The Bill Arrived. Now What?
You've seen the email. OpenAI usage this month was significantly higher than last month. Maybe it's 2x. Maybe it's 5x. Maybe it's a number that's going to be hard to explain on the next budget review. Your first instinct is to log into the OpenAI usage dashboard and look for the cause.
Here's the problem: the usage dashboard shows you totals. Tokens in, tokens out, requests, by model, by day. It does not show you which team, which workflow, which feature, or which engineering decision caused the spike. You're looking at an aggregate that hides everything that would actually be useful. It's the equivalent of trying to debug a performance problem with only a total CPU percentage — you can tell something is wrong, but you can't tell what or where.
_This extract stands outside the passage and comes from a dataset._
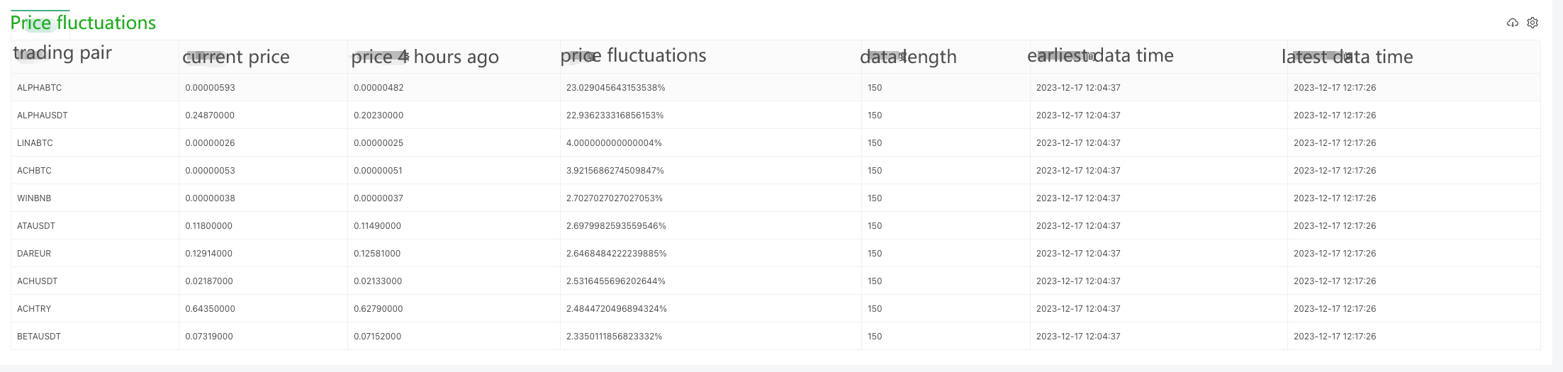 cols : ["trading pair", "current price", "price 4 hours ago", "price fluctuations", "data length", "earliest data time", "latest data time"],

OpenAI API costs going out of control is a real and common problem. But the failure mode isn't usually a single obvious cause. It's usually one or more of five specific patterns that compound and interact. This post names them explicitly and explains what you need to see in order to fix each one.
Cause 1: Context Window Accumulation in Agentic Workflows
This is the most common cause of unexpected cost spikes in organizations running agentic workflows, and it's the least obvious until you understand how context pricing works.
Every token in the context window costs money — not just the tokens you're generating, but every token of context you're including. In a multi-turn agentic workflow, context accumulates. The agent adds tool results, intermediate reasoning, prior conversation turns, and retrieval results to the context with every step. By the fifth step of a 10-step workflow, you might be including 8,000 tokens of accumulated context to generate 100 tokens of output. The input token cost alone dwarfs what you'd expect if you thought only about the output.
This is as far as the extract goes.